Sort of. Trouble is, all these £500 wonders may look lovely as you’re casually scrolling past them with Emmerdale in the background, but as soon as you start asking yourself little questions like ‘Do I trust this to get us to Spain and back?’, things get a bit trickier.
Even more helpfully, CarDealerEd himself had given me some constraints to work from. ‘It needs to be an estate, and ideally German,’ he told me. So, I immediately went online and purchased a 1995 Rover saloon.
In fairness, there was some method to my madness. Firstly, as any Longbridge nerd will tell you, most 1990s Rovers are so full of Honda bits that they may as well be Japanese – hello reliability.
Secondly, we’re not talking any old Rover barge here – an 827 Sterling in gold, no less: the very same model chosen as the personal transportation of a Mr Alan Partridge. That’s our fancy dress theme in the bag, then.
So off to the Midlands Batch and I popped, expecting to find a heap of a car in a heap of an area – numberplates dangling off and neighbours’ Rottweilers-a-barking. Surprisingly though, things were far rosier.
The neighbourhood wasn’t – Batch later described the owners’ home as being ‘like Onslow’s house in Keeping Up Appearances, only 20 times worse’ – but the Rover was remarkably sound.
The electric seats, windows and sunroof all worked beautifully, and the old girl started without complaint. Only a broken CD changer and dodgy fuel flap showed the car’s age – backed up by the distinct aroma of stale tobacco from every orifice.
I’m sure you can see where this is going: we bought it there and then, not least because of Batch’s keenness to leave before having to accept a cup of tea from a severely chipped mug.
A ‘quick’ trip back to Gosport at a steady 61mph followed, the Sterling getting a solid thumbs up for its smooth ride and armchair-like seats. It would’ve been wonderfully relaxing, Batch told me, if only he wasn’t scared a wheel might fall off.

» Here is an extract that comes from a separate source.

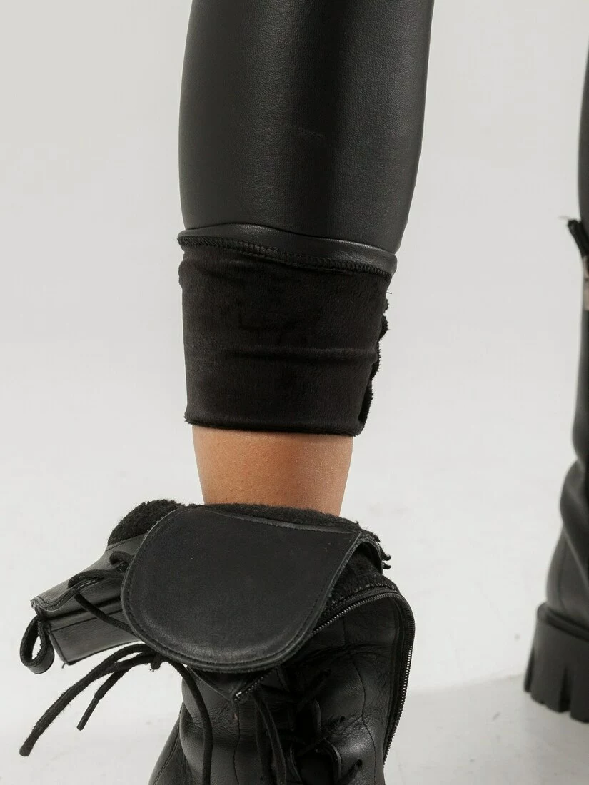 Жіночі утеплені лосини з еко-шкіри з велюром з ефектом ботфортів - чорний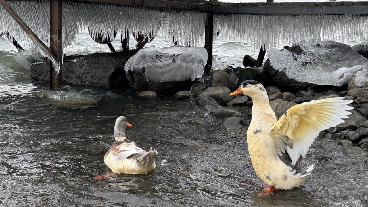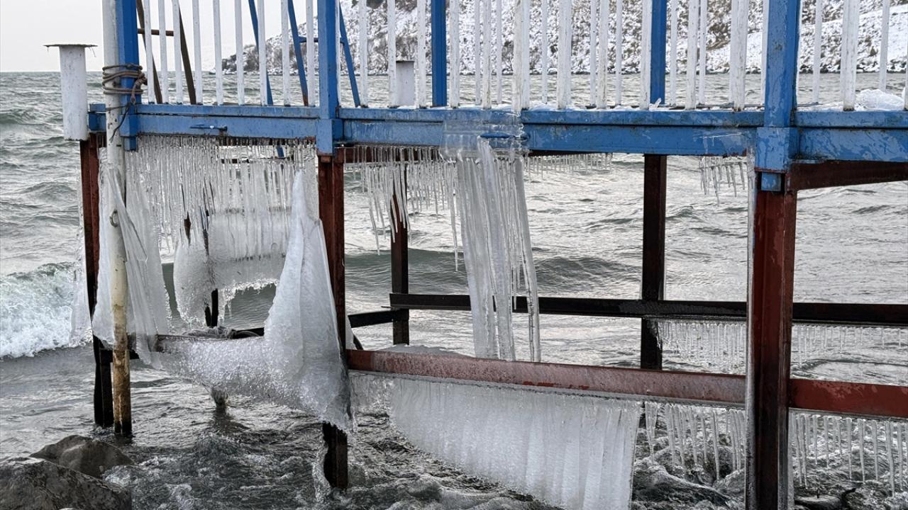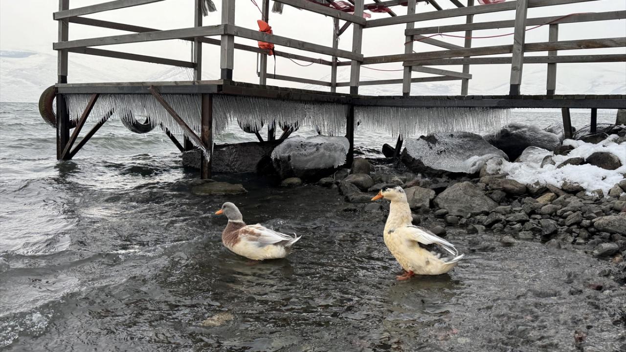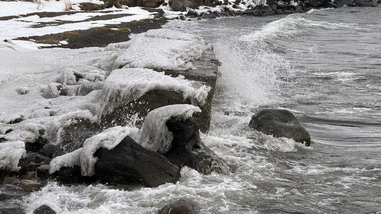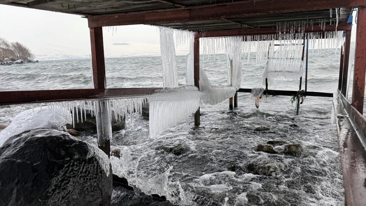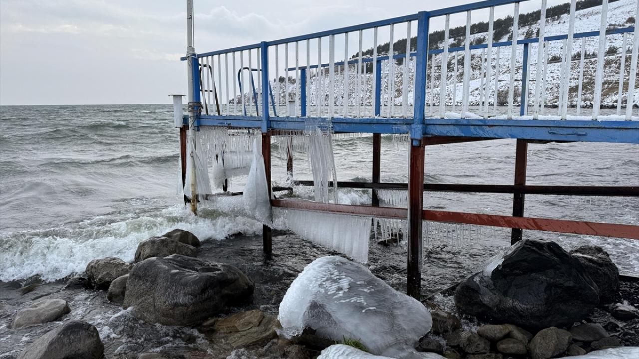 Gölün Ardahan tarafındaki bazı iskelelerinde dalgalar nedeniyle buz kütleleri ve sarkıtlar meydana geldi.

Having not personally experienced three French motorway breakdowns followed by brief incarceration in a lift, I wasn’t the least bit worried about such things – and so on the morning of our departure, I gave the old girl a good thrash.
Clearly it worked – despite leaving rather late, and our borrowed sat nav trying to persuade me that Batch lived in a field of wheat, we arrived in Dover just in time. From here on out, as my ever-positive co-driver reminded me, the car was the AA’s problem.
Suspecting Batch might be more right than wrong, I decided to make a beeline for the AA chaps upon boarding the ferry – perhaps hoping that if I made friends they’d be keener to come to our Rover’s rescue.
Evidently, my plan wasn’t entirely necessary. Two of the four – Brian and Andy – had already rescued Car Dealer from HMS Ark Volvo last year, while father and son team John and Todd gave our Honda-engined 827 their preemptive thumbs up.
More familiar faces soon appeared – this time in the form of Wags and Rob from the West country, CD’s saviours in a Hyundai XG from last year.
The pair certainly couldn’t be accused of not putting in the effort this year – arriving in a Thunderbird 2 inspired Nissan Maxima QX, complete with operational fins and a a B&Q-style rear afterburner.
As it turns out, they weren’t the only ones. Contact Advantage’s suitably Scottish Honda Civic was looking mighty fine too, dressed in – guess what – tartan with a fluorescent ginger roof. Even Cooper Solution’s graffiti-covered Astra estate was getting looks.
Next to these, our distinctly unmodified Rover was starting to appear a bit dull. A quick survey of ferry passengers revealed that nobody really understood our costumes either. Still, at least we tried.
Off the ferry and out into northern France we went – enjoying an admittedly brief stint in a convoy with BEN’s Kelly Neal and the AA chaps; Batch attempting to get his money’s worth from the Partridge mask we’d brought along.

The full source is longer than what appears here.